Microsoft’s Mishap Highlights Data Security Challenges When Training AI

Microsoft Emphasizes Importance of GPU Supply for AI

Artificial intelligence (AI) models are some of the most data-hungry computing platforms in existence. 

The technology may have the potential to transform the world, but generative AI doesn’t work without access to, and the ingesting of, enormous amounts of data

This, as Microsoft’s AI research team accidentally exposed 38 terabytes of private data while publishing open-source AI training data to cloud-based code hosting platform GitHub. 

The exposed data included a disk backup of two Microsoft employees’ workstations with overly sensitive personal data such as private keys, passwords to internal Microsoft services, and over 30,000 messages from 359 Microsoft employees. 

Due to an accidental configuration of the published data, which provided “full control” instead of “read-only” permissions, any attacker would have been able to not only view the exposed files but also manipulate, overwrite or delete them. 

“No customer data was exposed, and no other internal services were put at risk because of this issue. No customer action is required in response to this issue. We are sharing the learnings and best practices below to inform our customers and help them avoid similar incidents in the future,” Microsoft wrote in a statement acknowledging the error. 

While crisis was avoided this time, the case serves as a glaring example of the new risks that organizations face when starting to integrate AI more broadly into their operations. 

As staff engineers increasingly work with massive amounts of specialized and sensitive data to train AI models, firms will need to establish the appropriate governance policies and education guardrails in order to mitigate security risks. 

Read alsoWalled Garden LLMs Build Enterprise Trust in AI

Training Specialized AI Models 

Specialized AI models need to be trained on specialized data, and as enterprises large and small come to embrace the benefits AI can bring to routine workflows, it is becoming increasingly crucial for IT, data and security teams to understand the inherent exposure risks native to each stage of the AI development process. 

Open data sharing is a key component of AI training, with researchers collecting and sharing massive amounts of external and internal data to build out the required training information for their AI models.

But sharing larger amounts of data leaves companies exposed to larger risks if that data shared incorrectly, as happened with Microsoft. 

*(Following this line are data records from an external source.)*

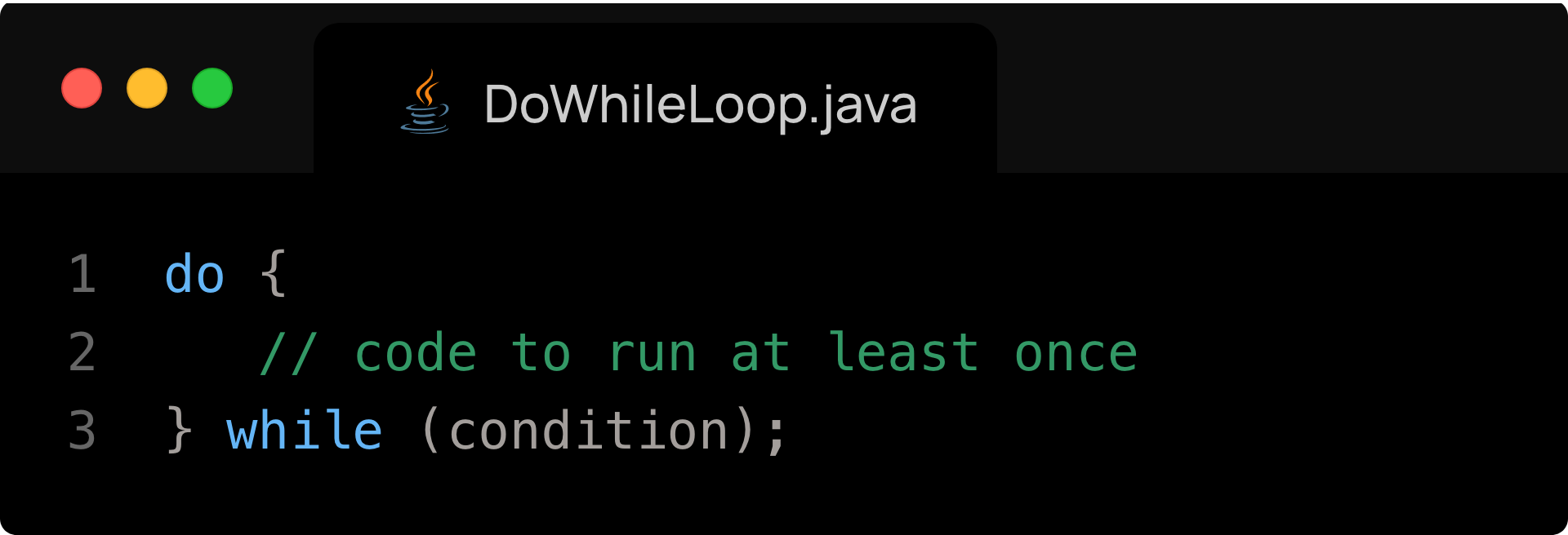 - Runs the loop body once, then checks the condition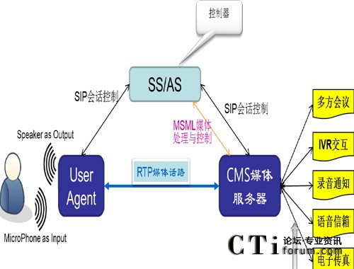 CMS軟件采用SIP信令作為呼叫控制接口,采用MSML消息作為媒體控制接口,也支持VXML腳本。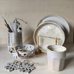 Sämtliches Material (wie Ton, Werkzeuge, Schablonen und Vorlagen, Stempel, Ausstecher etc.), Getränke sowie unsere Candybar.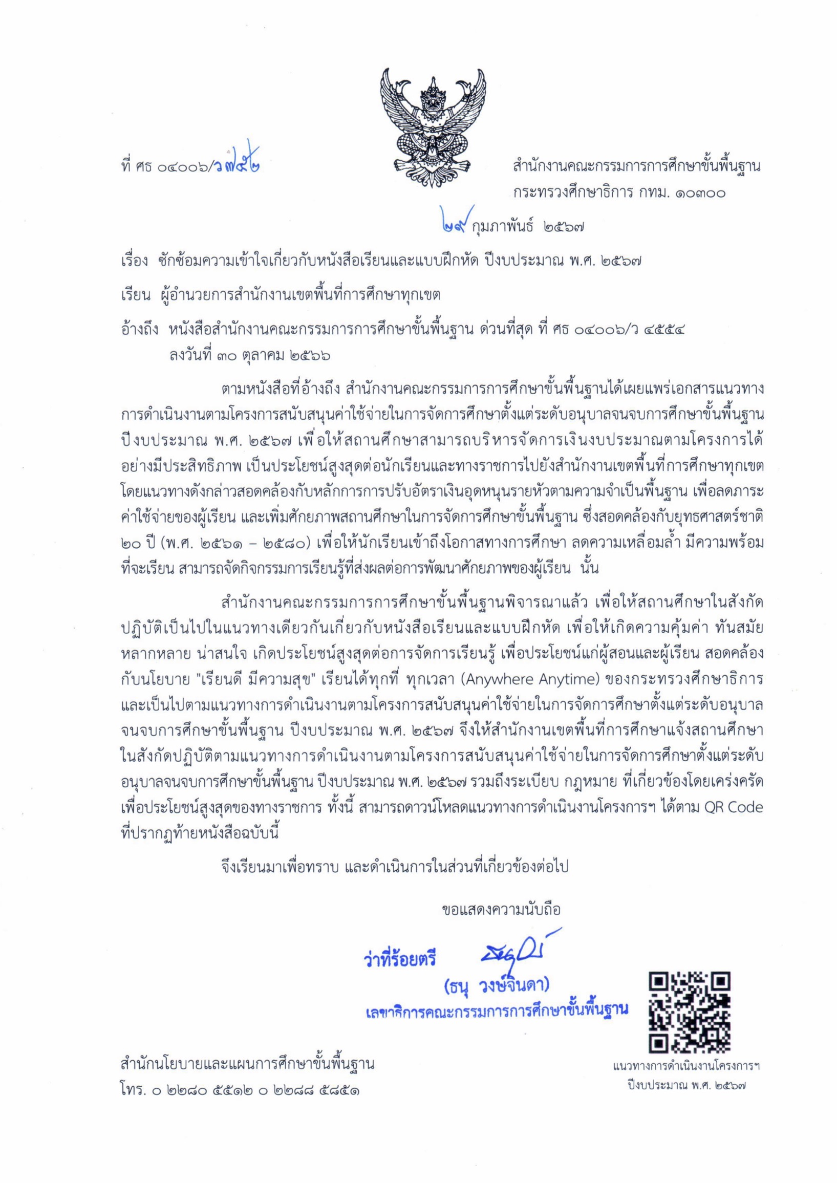 สำนักงานคณะกรรมการการศึกษาขั้นพื้นฐาน มีหนังสือ ศธ 04006/ว752 ลงวันที่ 4 มีนาคม 2567 เรื่อง ซักซ้อมความเข้าใจเรื่องการใช้หนังสือเรียน และสื่อการเรียนการสอน ปี 2567 รายละเอียด ดังนี้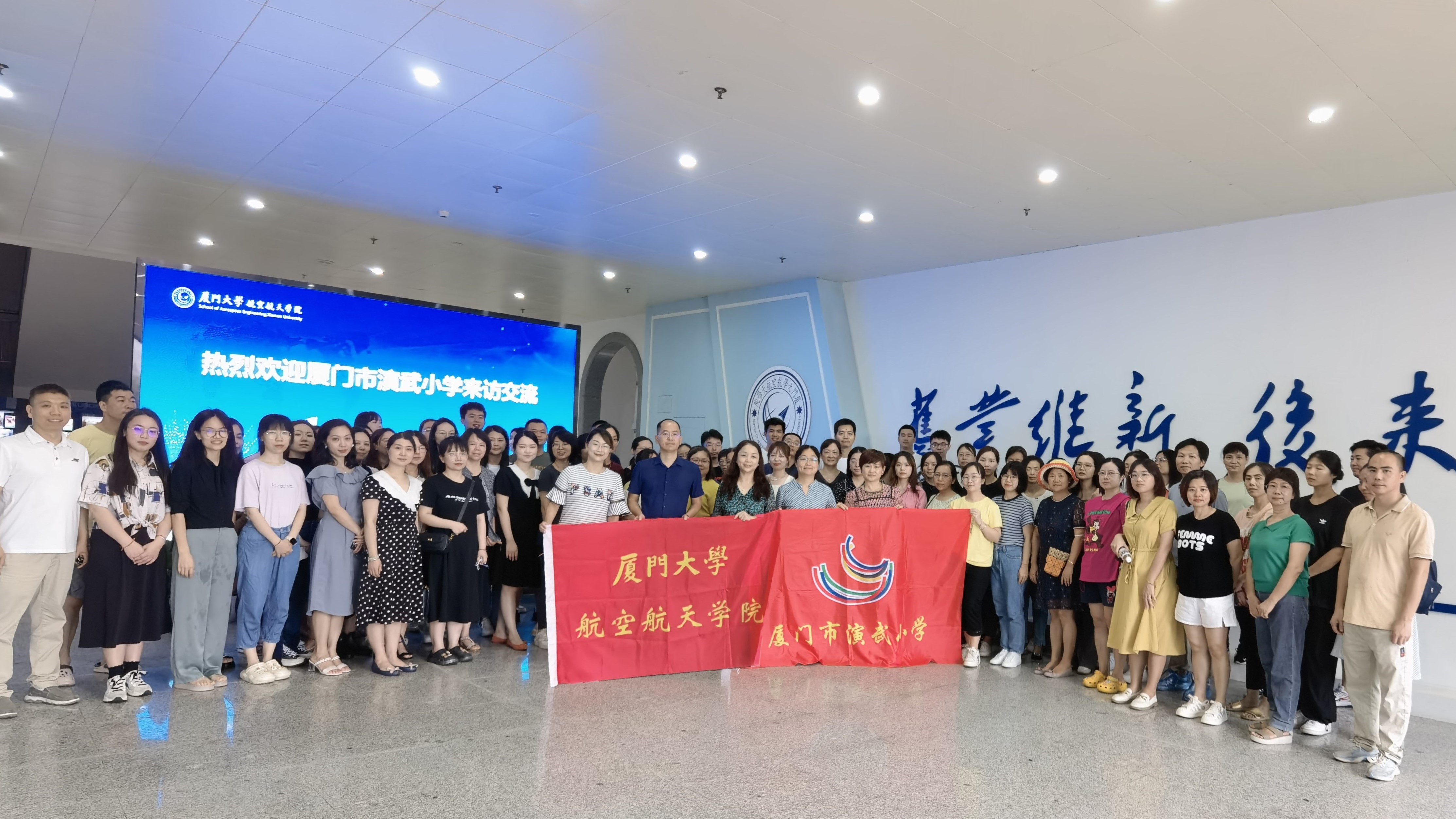8月20日,厦门市演武小学校长王志勤率学校一百余名教师来我院参访交流。学院常务副院长尤延铖、党委副书记林蔚等参加活动。

After all, as PYMNTS has written, AI represents one of the first technologies that can violate nearly all of an organization’s internal corporate policies in one fell swoop. 

At the center of many business use concerns around the integration of generative AI solutions lies ongoing questions around the integrity of data and information fed to the AI models, as well as the provenance and security of those data inputs. In order to effectively and securely leverage AI tools, businesses must ensure first that they have the appropriate data infrastructure in place to avoid AI’s foundational pitfalls. 

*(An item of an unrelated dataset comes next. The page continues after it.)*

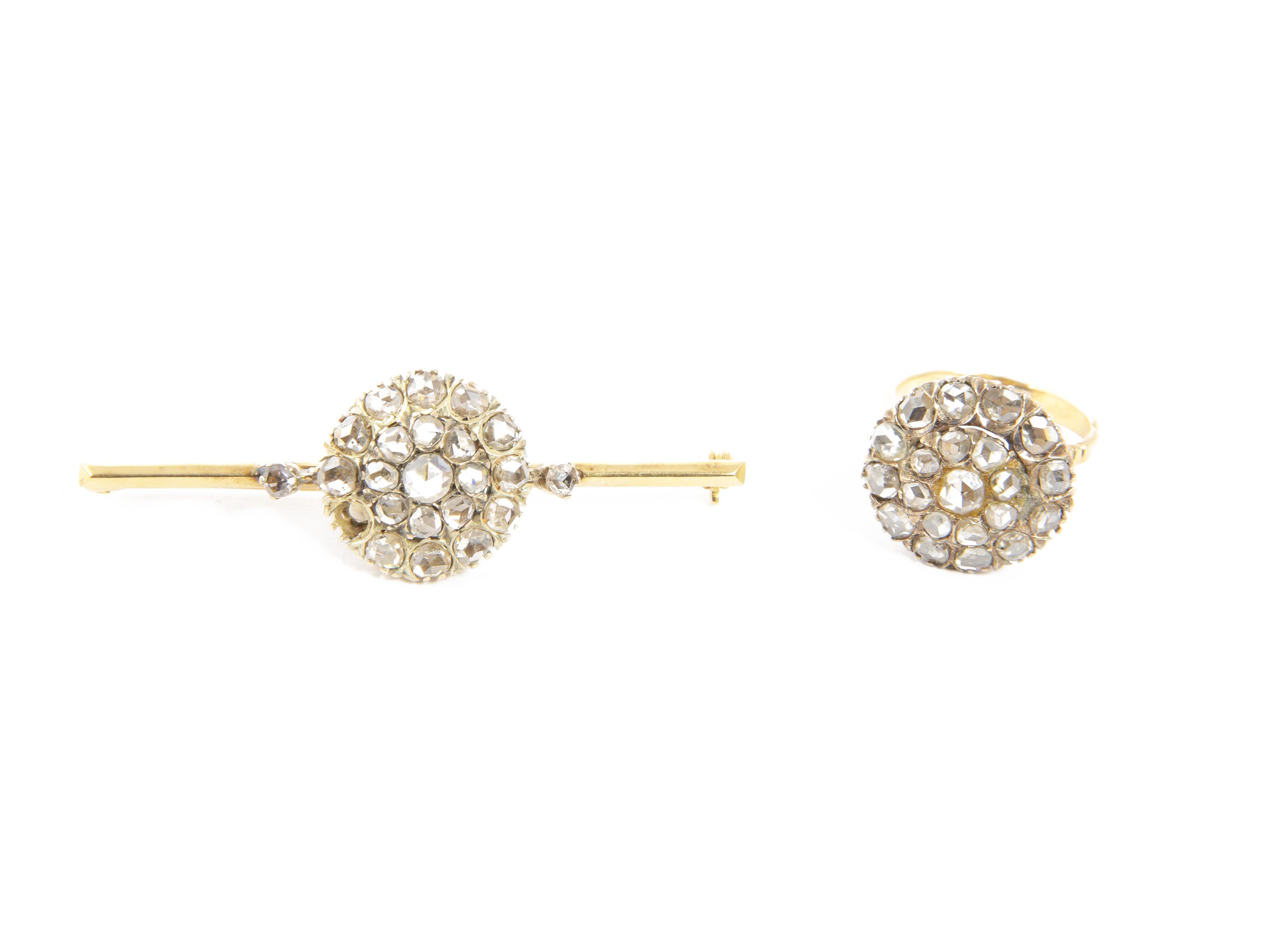 Demi parure anello e spilla in oro giallo e argento con diamanti

“At a high level, generative AI has the potential to create a new data layer, like when HTTP was created and gave rise to the internet beginning in the 1990s. As with any new data layer or protocol, governance, rules and standards must apply,” Shaunt Sarkissian, founder and CEO of AI-ID, told PYMNTS last month.

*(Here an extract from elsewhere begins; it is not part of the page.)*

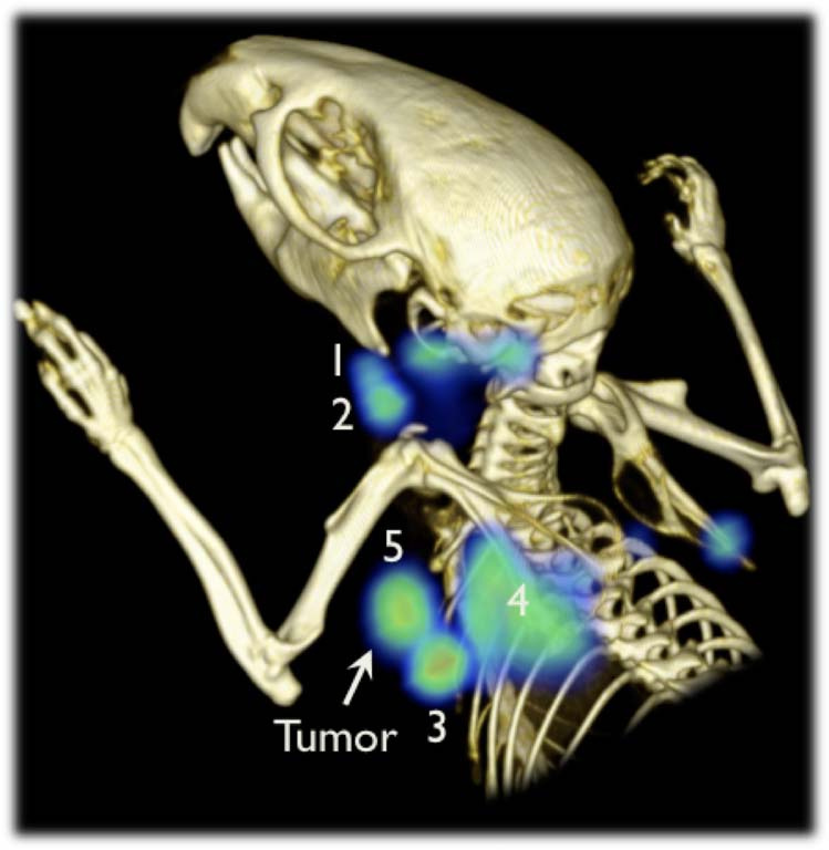 Tumors are often surrounded and invaded by bone marrow-derived cells. Imaging the infiltration of such immune cells into tumors may therefore be an attractive means of detecting tumors or of tracking the response to anticancer therapy. We show that it is possible to detect these cells noninvasively by positron emission tomography (PET) via the surface markers displayed by them. What we are seeing in the mouse is its lymph nodes (small circles) and the tumor (on the left-back shoulder).

See moreAI ‘Model Collapse’ Highlights Need for AI Data Governance

Securing the Future of AI 

Since its development and commercialization, humans have tended to over-trust the computer. 

That’s why, despite ongoing fears about AI’s apocalyptic potential, organizations need to be more worried about shoddy AI software than any threat of the technology going rogue.

PYMNTS Intelligence has found that many companies are unsure of where they stand in regard to generative AI, but they still feel a pressing need to adopt it.

Sixty-two percent of surveyed executives do not believe their companies have the expertise to employ the technology effectively, according to “Understanding the Future of Generative AI,” a PYMNTS and AI-ID collaboration.

A hyper-rapid growth in the capabilities of today’s computing power and cloud storage infrastructure has transformed the enterprise operating landscape and set the stage for data-fueled innovations like AI to transform business processes. 

But while most AI models currently are being produced by either the world’s most valuable tech companies or its most well-funded startups, computing power is only going to get cheaper. Fast forward a couple of years from now, and AI models may have advanced to the point where every day consumers can run models as sophisticated as today’s most cutting-edge platforms on their personal devices at home. 

The world is at a tipping point, one where the zettabytes of proprietary data being produced each year needs to be addressed, and soon. Otherwise, as the innovations of tomorrow scale up, so too will their risks.